===== TASK INPUTS

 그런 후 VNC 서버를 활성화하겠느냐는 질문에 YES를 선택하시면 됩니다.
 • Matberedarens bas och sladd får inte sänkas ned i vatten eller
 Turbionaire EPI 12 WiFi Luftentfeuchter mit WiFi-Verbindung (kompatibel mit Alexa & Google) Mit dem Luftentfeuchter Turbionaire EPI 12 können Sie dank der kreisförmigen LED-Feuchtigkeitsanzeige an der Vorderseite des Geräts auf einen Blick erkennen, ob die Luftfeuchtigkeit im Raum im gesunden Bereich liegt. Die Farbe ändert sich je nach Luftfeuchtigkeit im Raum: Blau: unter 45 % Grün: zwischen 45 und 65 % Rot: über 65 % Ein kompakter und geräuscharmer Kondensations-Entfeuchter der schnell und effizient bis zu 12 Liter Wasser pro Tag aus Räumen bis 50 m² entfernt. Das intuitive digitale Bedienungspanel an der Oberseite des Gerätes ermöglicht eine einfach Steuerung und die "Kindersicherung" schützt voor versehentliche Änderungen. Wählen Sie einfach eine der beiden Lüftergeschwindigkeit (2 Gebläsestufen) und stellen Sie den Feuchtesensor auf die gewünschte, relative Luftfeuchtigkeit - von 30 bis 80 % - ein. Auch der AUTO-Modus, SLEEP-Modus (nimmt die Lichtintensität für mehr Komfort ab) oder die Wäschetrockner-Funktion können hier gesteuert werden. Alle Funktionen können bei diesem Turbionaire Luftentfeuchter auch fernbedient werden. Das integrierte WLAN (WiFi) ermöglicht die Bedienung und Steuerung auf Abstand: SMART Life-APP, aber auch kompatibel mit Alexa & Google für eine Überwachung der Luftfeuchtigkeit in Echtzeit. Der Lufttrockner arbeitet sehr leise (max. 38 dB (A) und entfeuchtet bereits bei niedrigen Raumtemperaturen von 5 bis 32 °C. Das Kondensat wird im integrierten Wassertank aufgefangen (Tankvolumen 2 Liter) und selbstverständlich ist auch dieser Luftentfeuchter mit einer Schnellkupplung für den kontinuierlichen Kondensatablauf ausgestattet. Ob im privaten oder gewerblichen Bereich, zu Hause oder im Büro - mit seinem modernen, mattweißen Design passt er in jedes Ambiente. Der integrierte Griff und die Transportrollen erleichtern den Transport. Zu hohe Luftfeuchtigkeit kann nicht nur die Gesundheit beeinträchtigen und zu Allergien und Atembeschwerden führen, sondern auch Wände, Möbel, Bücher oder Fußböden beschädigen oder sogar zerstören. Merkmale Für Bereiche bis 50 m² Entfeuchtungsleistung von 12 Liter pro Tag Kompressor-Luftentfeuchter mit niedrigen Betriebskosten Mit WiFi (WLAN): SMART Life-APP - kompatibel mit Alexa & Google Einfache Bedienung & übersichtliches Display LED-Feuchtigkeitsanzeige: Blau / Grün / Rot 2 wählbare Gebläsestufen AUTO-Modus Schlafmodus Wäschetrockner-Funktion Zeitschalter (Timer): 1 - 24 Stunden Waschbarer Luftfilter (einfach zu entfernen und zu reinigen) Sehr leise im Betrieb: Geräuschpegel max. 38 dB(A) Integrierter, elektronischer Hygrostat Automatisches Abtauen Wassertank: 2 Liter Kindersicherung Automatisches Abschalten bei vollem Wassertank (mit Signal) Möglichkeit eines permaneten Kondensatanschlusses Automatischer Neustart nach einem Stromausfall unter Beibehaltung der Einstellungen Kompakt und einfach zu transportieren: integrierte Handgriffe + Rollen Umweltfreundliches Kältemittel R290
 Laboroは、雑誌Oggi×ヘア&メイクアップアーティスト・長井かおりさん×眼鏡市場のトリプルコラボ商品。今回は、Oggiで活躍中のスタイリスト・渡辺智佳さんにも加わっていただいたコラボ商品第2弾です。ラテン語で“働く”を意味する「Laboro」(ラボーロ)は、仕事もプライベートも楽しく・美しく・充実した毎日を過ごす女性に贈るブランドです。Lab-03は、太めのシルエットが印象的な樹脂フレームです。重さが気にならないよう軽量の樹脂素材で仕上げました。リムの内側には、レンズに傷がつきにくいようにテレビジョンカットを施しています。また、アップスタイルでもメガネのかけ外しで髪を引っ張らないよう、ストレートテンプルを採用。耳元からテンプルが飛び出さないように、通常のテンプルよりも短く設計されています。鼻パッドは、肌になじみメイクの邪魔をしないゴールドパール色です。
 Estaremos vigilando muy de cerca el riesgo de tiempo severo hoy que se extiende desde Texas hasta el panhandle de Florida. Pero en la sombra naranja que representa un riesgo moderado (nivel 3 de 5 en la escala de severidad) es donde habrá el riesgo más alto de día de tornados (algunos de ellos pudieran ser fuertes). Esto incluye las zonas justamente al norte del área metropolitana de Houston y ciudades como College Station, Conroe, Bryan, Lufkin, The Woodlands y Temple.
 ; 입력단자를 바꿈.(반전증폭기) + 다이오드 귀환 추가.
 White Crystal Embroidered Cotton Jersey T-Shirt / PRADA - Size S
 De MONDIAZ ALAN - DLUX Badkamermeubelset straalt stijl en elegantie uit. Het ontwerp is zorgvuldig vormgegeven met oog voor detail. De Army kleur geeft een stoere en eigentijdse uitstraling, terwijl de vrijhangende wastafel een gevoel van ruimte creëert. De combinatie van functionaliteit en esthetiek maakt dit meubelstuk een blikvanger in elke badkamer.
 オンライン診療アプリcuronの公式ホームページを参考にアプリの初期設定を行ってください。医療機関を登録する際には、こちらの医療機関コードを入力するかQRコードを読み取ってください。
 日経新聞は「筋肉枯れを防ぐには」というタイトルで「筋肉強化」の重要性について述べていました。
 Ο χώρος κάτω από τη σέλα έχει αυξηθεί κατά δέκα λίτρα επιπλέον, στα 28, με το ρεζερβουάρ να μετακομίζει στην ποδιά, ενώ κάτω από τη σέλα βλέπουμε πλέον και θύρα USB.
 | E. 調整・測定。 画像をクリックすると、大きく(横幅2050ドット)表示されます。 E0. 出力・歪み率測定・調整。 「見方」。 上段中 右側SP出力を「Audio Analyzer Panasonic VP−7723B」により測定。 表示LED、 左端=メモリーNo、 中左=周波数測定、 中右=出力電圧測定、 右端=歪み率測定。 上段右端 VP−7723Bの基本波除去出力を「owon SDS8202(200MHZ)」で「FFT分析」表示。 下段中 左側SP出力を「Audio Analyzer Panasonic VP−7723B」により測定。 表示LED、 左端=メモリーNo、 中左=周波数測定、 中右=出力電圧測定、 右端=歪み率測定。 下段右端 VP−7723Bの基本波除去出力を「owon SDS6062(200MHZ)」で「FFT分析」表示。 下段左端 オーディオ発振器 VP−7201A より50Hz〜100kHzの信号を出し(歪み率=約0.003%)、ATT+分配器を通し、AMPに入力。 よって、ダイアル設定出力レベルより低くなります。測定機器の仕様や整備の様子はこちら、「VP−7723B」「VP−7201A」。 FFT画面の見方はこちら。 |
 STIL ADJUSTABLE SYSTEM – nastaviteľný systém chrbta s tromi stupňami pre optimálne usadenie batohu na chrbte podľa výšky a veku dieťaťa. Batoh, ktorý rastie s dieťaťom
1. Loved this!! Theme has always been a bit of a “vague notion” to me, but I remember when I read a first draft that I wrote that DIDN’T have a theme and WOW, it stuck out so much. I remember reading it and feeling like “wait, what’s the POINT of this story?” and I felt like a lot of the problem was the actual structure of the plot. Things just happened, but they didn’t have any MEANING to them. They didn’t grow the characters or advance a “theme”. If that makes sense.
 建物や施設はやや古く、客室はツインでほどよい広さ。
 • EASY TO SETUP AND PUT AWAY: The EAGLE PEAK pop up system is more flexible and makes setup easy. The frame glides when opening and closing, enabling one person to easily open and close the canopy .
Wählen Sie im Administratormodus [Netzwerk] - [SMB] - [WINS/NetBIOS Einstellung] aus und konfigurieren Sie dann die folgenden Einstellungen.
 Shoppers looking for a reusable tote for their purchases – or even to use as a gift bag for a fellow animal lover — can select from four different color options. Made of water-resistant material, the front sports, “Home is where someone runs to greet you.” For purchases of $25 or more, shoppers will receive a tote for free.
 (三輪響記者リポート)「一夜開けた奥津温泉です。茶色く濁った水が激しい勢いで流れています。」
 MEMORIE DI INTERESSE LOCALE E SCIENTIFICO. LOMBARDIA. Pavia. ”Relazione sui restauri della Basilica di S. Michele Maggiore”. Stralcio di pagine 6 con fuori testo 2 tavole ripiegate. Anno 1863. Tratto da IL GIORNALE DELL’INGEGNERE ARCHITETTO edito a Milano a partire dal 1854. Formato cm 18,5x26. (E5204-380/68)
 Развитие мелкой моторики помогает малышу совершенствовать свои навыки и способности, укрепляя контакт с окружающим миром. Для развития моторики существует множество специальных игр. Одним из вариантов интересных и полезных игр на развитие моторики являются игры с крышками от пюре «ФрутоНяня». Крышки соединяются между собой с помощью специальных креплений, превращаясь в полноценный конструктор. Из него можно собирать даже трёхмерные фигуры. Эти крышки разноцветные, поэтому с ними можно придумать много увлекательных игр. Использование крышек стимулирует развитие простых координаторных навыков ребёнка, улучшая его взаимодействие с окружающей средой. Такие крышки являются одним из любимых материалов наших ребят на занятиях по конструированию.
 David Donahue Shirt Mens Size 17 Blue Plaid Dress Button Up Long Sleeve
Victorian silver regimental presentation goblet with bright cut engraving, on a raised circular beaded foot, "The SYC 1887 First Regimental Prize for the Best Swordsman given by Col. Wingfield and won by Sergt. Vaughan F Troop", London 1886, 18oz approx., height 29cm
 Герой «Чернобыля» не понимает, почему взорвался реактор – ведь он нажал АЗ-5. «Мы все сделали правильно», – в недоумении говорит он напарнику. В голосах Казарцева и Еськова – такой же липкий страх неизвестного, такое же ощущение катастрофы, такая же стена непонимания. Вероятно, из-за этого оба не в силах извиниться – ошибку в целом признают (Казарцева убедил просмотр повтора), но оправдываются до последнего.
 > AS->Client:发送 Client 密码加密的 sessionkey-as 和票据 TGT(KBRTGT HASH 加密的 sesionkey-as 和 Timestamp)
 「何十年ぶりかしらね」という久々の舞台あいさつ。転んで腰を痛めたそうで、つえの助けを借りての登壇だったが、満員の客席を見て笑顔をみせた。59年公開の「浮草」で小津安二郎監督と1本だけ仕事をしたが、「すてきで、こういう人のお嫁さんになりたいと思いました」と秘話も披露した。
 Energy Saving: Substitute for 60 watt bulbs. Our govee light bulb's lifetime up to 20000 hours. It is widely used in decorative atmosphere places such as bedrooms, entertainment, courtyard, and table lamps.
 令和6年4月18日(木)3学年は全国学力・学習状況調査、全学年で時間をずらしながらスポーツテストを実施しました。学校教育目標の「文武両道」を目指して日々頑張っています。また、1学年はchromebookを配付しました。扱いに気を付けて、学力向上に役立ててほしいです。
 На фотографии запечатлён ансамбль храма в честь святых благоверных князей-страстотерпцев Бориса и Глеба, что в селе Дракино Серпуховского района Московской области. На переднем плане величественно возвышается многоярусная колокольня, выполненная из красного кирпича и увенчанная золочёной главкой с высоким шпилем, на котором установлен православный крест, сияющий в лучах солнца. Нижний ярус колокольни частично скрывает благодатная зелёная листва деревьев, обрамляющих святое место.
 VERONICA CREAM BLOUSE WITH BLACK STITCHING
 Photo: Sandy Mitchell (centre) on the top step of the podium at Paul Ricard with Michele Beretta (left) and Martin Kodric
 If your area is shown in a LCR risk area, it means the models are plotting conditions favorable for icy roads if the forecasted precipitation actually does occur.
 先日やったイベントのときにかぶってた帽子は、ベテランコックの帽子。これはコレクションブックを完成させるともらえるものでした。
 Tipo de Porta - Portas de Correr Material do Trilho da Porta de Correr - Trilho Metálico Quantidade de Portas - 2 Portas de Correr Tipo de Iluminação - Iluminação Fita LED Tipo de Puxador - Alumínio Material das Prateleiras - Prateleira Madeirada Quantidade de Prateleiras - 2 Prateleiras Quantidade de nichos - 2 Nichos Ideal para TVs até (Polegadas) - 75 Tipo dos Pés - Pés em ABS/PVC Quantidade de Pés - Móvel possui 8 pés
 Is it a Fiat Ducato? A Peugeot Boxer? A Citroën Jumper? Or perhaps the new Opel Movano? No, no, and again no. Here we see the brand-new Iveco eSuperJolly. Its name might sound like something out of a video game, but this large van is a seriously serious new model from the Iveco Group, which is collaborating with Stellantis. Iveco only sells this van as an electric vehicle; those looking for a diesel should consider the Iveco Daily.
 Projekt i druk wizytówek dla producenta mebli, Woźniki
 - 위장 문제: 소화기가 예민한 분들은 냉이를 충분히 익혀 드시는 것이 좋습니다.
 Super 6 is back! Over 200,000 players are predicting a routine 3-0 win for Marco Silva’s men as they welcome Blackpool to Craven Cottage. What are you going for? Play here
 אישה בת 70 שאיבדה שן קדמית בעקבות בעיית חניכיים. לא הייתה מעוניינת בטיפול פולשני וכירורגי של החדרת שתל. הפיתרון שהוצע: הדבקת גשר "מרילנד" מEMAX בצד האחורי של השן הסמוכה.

==========

» EXERCISE DETAILS
Report all lines of the data that include the word "more".

» COMPLETED TASK
 • EASY TO SETUP AND PUT AWAY: The EAGLE PEAK pop up system is more flexible and makes setup easy. The frame glides when opening and closing, enabling one person to easily open and close the canopy .
 Shoppers looking for a reusable tote for their purchases – or even to use as a gift bag for a fellow animal lover — can select from four different color options. Made of water-resistant material, the front sports, “Home is where someone runs to greet you.” For purchases of $25 or more, shoppers will receive a tote for free.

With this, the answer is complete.